- Genre: Legal drama; Comedy;
- Created by: Arunabh Kumar (TVF)
- Directed by: Ruchir Arun
- Starring: Pavan Malhotra; Ashish Verma;
- Country of origin: India
- Original language: Hindi

Production
- Executive producers: Vijay Koshy; Shreyansh Pandey;
- Producer: Arunabh Kumar
- Production company: The Viral Fever (TVF)

Original release
- Network: Sony LIV
- Release: 13 August 2025

= Court Kacheri =

Indian drama web series

Court Kacheri is an Indian Hindi-language legal drama web series created by Arunabh Kumar of TVF and directed by Ruchir Arun. It stars Pavan Malhotra and Ashish Verma in lead roles. The series explores intergenerational conflict and legacy within a small-town courtroom setting.It premiered on the OTT platform Sony LIV on 13 August 2025.

== Premise ==
Set in a district courtroom in a small town, the series follows Param, a reluctant young man propelled into the legal profession by his father, veteran advocate Harish Mathur. Against murky justice and familial pressure, Param must decide if he should reject—or embrace—his legacy.

== Cast ==
- Pavan Malhotra as Harish Mathur
- Ashish Verma as Param
- Puneet Batra
- Priyasha Bharadwaj
- Bhushan Vikas
- Kiran Khoje
- Pranav Malviya
- Sumali Khaniwale
- Anandeshwar Dwivedi

== Production ==
Developed by TVF and produced by Arunabh Kumar under the TVF banner, Court Kacheri was announced in early August 2025. The writers for the series include Puneet Batra, Anurag Ramesh Shukla, Akshay Anand Kohli, and Anurag Jha.

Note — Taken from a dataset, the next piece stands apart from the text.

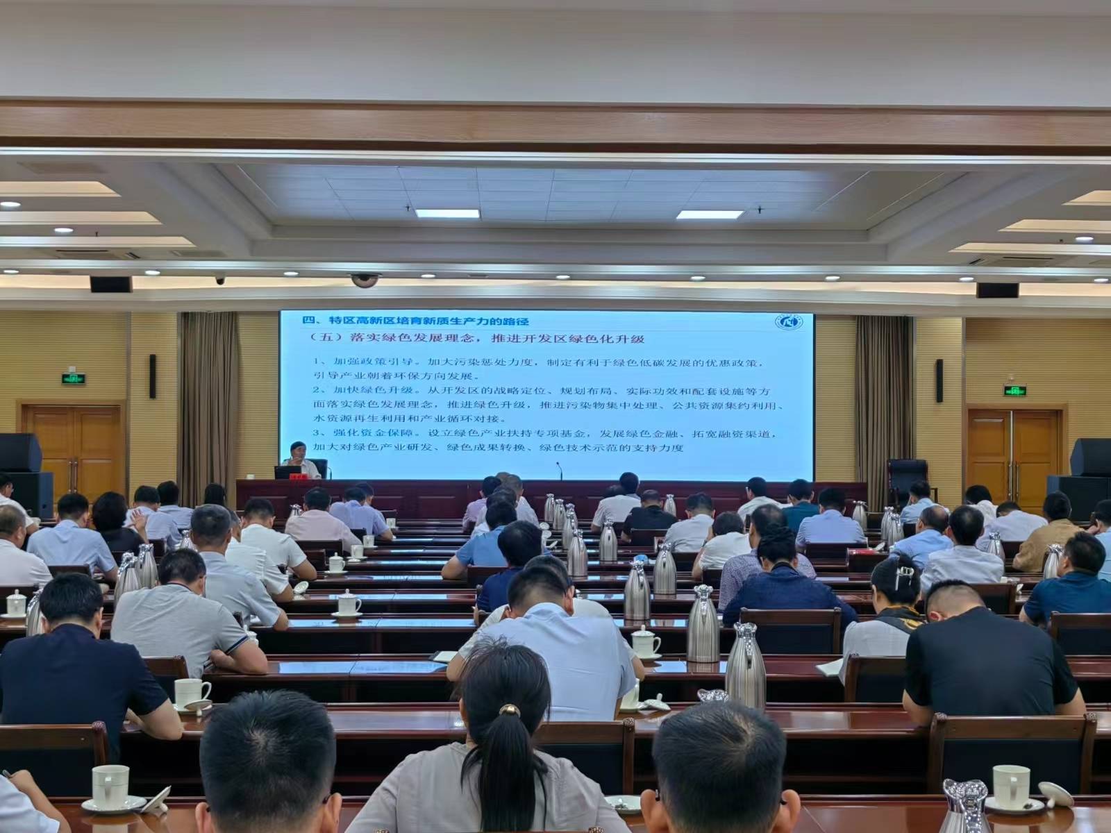 近日,淄博高新区举办2024年第三期“高新大讲堂”专题讲座,高新区领导朱贻胜、刘大力、李凯,各部门单位领导班子成员、国有企业负责人及科技发展中心全体机关干部参加讲座。本次培训班邀请中国外商投资企业协会副会长兼开发区工作委员会常务副会长张召堂围绕“新质生产力与高新区高质量发展”作专题讲座。报告从新质生产力的内涵、发展方向和国内外发展现状展开,围绕统筹传统和新兴产业、统筹协调开放、增强创新驱动赋能、创新产业发展模式、落实绿色发展理念、推进产业融合和数实融合等方面,结合实践案例分析,对高新区培育发展新质生产力的路径进行了科学系统的阐述,对广大领导干部准确把握领会发展新质生产力具有很强的针对性和指导性。

Vijay Koshy and Shreyansh Pandey serve as executive producers. The official trailer was released on 2 August 2025.

== Release ==
The series began streaming exclusively on Sony LIV on 13 August 2025.

==Reception==
- Sumit Rajguru of Times Now News rated 4 out of 5 stars and wrote 'Court Kacheri is a legally perfect drama on a father and son’s unusual bond. Pavan Malhotra and Ashish Verma did outstanding jobs in the web series, which is highly entertaining due to its amazing story, screenplay and direction.'
- Amit Bhatia of ABPLive gave 3.5 out of 5 stars and reviewed it as "It is more than just another courtroom drama - it’s a heartfelt family story wrapped in lively legal proceedings".
- Archika Khurana of The Times of India gave a rating of 3 out of 5, describing it as "a watchable, heartfelt legal dramedy with decent performances and an authentic small-town courtroom setting."
- Shweta Keshri of India Today gave it 3 out of 5, reviewed it as 'Strong performances drive legal dramedy on father-son conflict'.
- Sameer Ahire of Movie Talkies rated the series 3 out of 5, describing it as “a lighthearted courtroom drama, sprinkled with heartfelt and comedic moments.”